Orr, Kevin (2015) The gap between Widening Participation and Social Mobility: the case of Higher Education provision in English Further Education colleges. In: Journal of Vocational Education and Training Conference 2015, 3rd - 5th July 2015, Worcester College, Oxford, UK.
Abstract

Politicians all over the world are infatuated with education policy as a plausible instrument for social and economic development (Wolf, 2004, p. 321), both of which are apparent in justifications for opening up access to higher education (HE) for under-represented groups. In the UK the previous New Labour government set a target of fifty per cent participation in HE for people under thirty. Similarly Ireland, Sweden, Australia and Germany, amongst other nations, set targets for increased participation in HE and the Organisation of Economic Cooperation and Development (OECD) has also explicitly supported this expansion (Gale, 2012, p. 240; Wolf, 2010, p.316).

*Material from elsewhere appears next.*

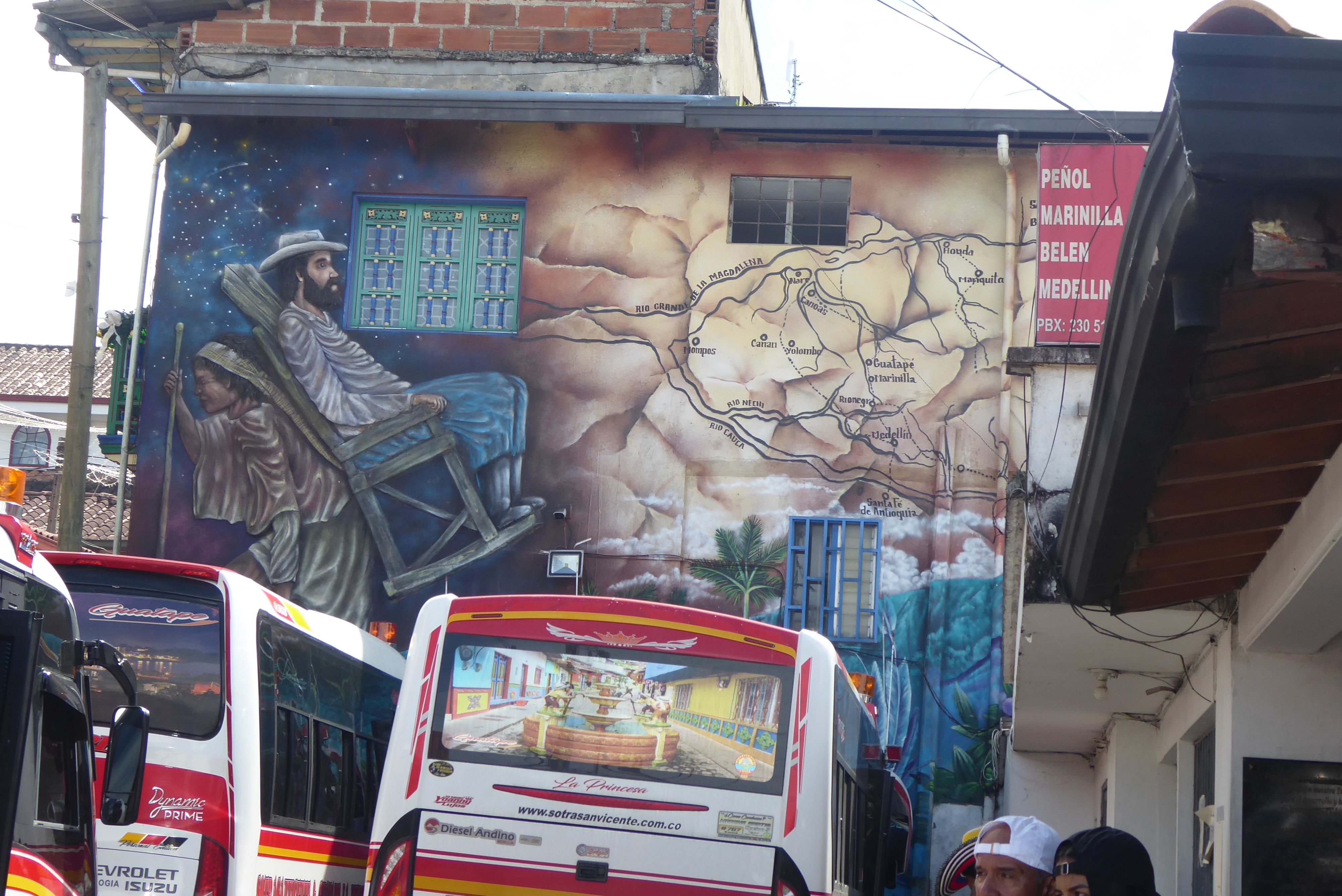 This strange picture is the mural on the wall where the buses park. Later I noticed the person in the bottom left who seems to be carrying the man in the chair. ??

In America these policies have been associated with meritocratic ideals of individual talent being the determinant of social distinction (Liu, 2011) and likewise policymakers in the UK have typically linked widening participation (WP) in HE to improving opportunities for social mobility (see for example Cabinet Office, 2011, p. 48). This paper focuses on England and specifically on how social mobility is associated with WP through the provision of HE in English further education (FE) colleges (henceforth referred to as HE in FE). English FE colleges bear similarities to Community Colleges in America and to Technical and Further Education (TAFE) institutions in Australia. They sit somewhere between schools and universities, though their provision overlaps those boundaries, and they offer mainly vocational courses. Like American Community Colleges and Australian TAFE colleges, English FE colleges have lower status than universities in what has become a highly differentiated HE system. HE in FE students are more likely to be part-time, mature and from lower socio-economic groups than those in universities (Parry et al., 2012). Also like their international counterparts, English FE colleges have been providing a range of HE courses for decades and they have been identified as means to increase access to HE from lower socio-economic groups. One major British thinktank, Policy Exchange, described HE in FE as having the potential to be an “engine for widening participation and social mobility” (Hartley & Groves, 2011, p. 5). Despite government’s enthusiasm for HE in FE (see for example Dearing, 2007) the proportion of HE students attending FE colleges in England has, however, remained stable at or just below ten per cent for , even as the overall numbers in HE have expanded rapidly.